Supplied data:
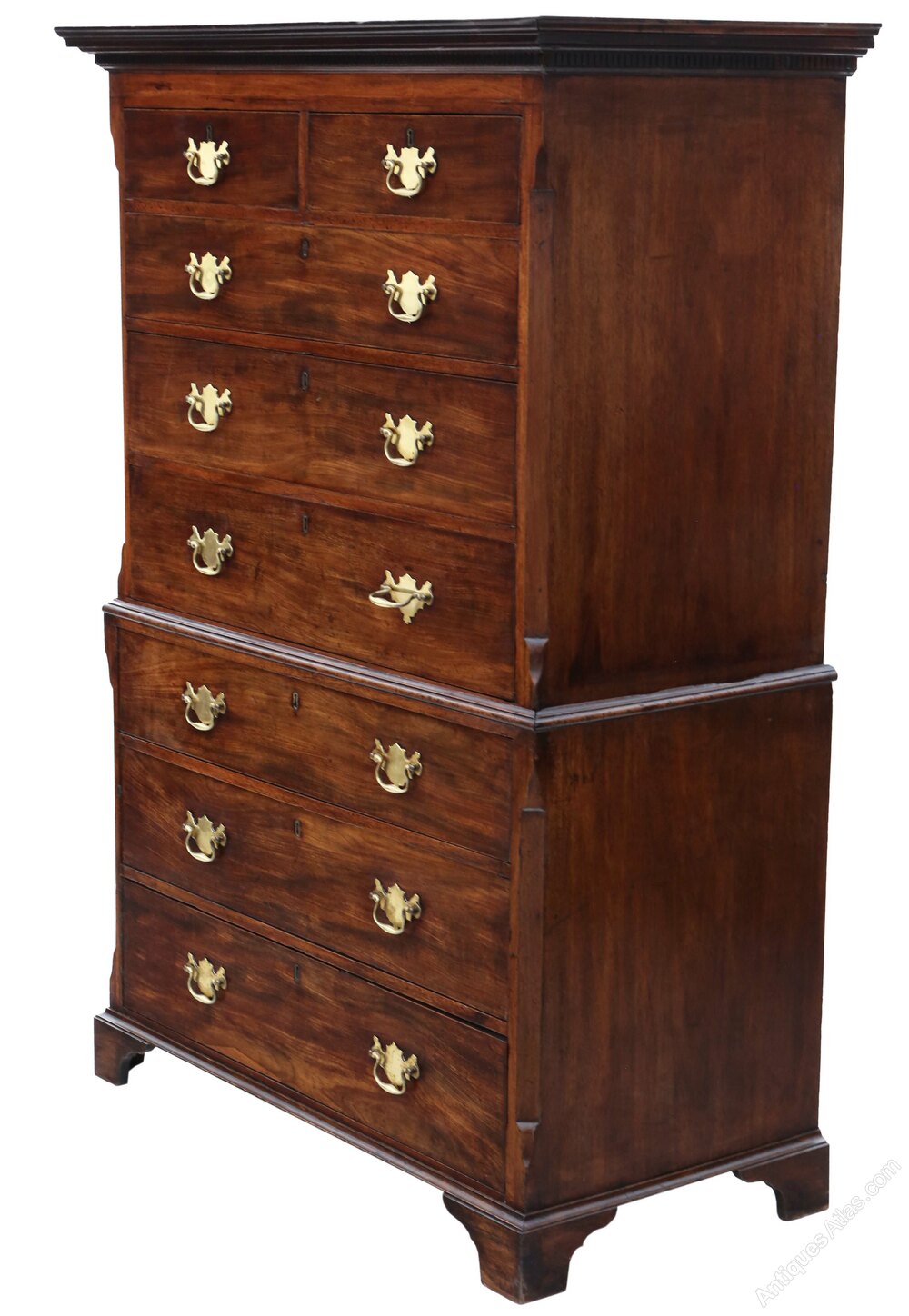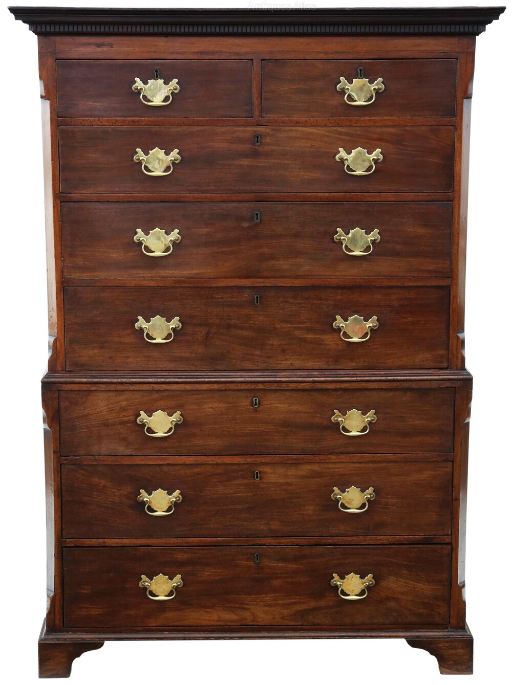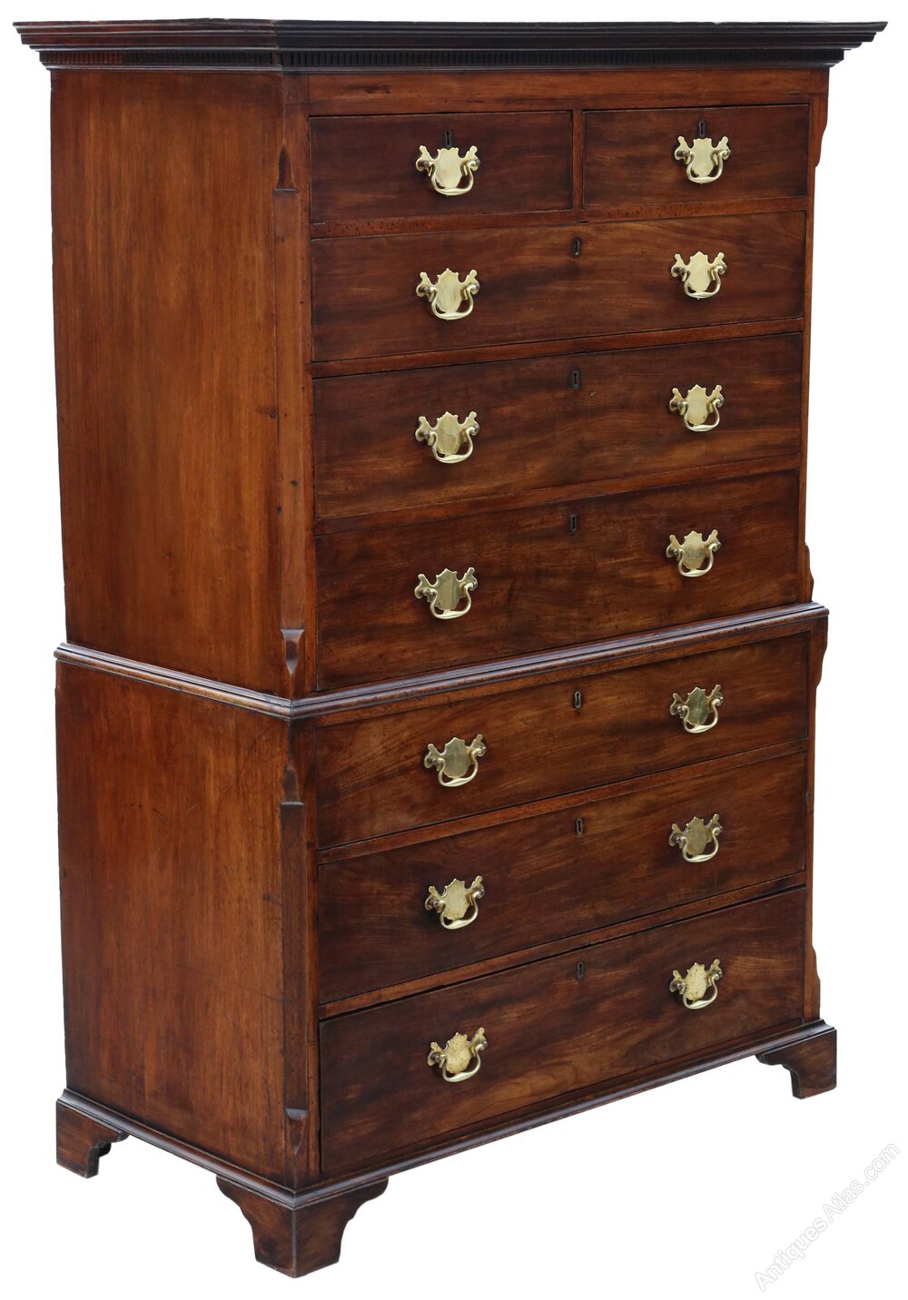 Antique 18th Century Mahogany Tallboy – Chest-on-Chest of Drawers, Fine QualityThis tallboy exudes a lovely age, colour, and patina that adds character to any space. A practical and elegant piece, it is designed to split into two halves for easier transport.
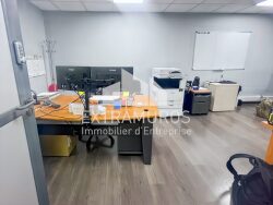 Les bureaux sont en très bon état, lumineux et fonctionnels, avec climatisation réversible, faux plafond et cloisons vitrées. L'ensemble comprend aussi des locaux sociaux : espace d'accueil, sanitaires hommes et femmes, kitchenette et salle de pause.
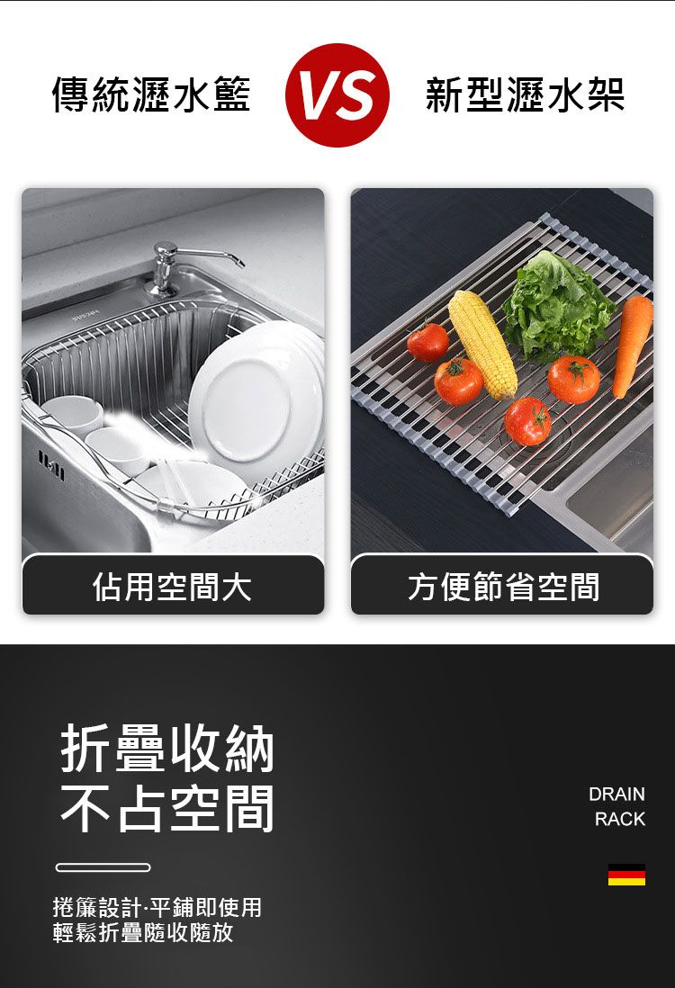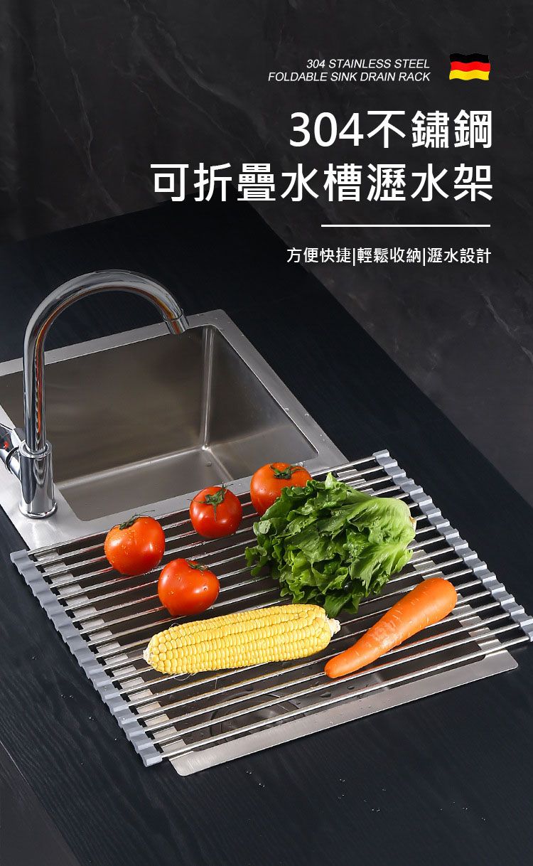 【廚房必備】304不鏽鋼可折疊瀝水架

What is expected:
Without any pictures, repeat the listing exactly.

Solution below:
 Antique 18th Century Mahogany Tallboy – Chest-on-Chest of Drawers, Fine QualityThis tallboy exudes a lovely age, colour, and patina that adds character to any space. A practical and elegant piece, it is designed to split into two halves for easier transport.
 Les bureaux sont en très bon état, lumineux et fonctionnels, avec climatisation réversible, faux plafond et cloisons vitrées. L'ensemble comprend aussi des locaux sociaux : espace d'accueil, sanitaires hommes et femmes, kitchenette et salle de pause.
 【廚房必備】304不鏽鋼可折疊瀝水架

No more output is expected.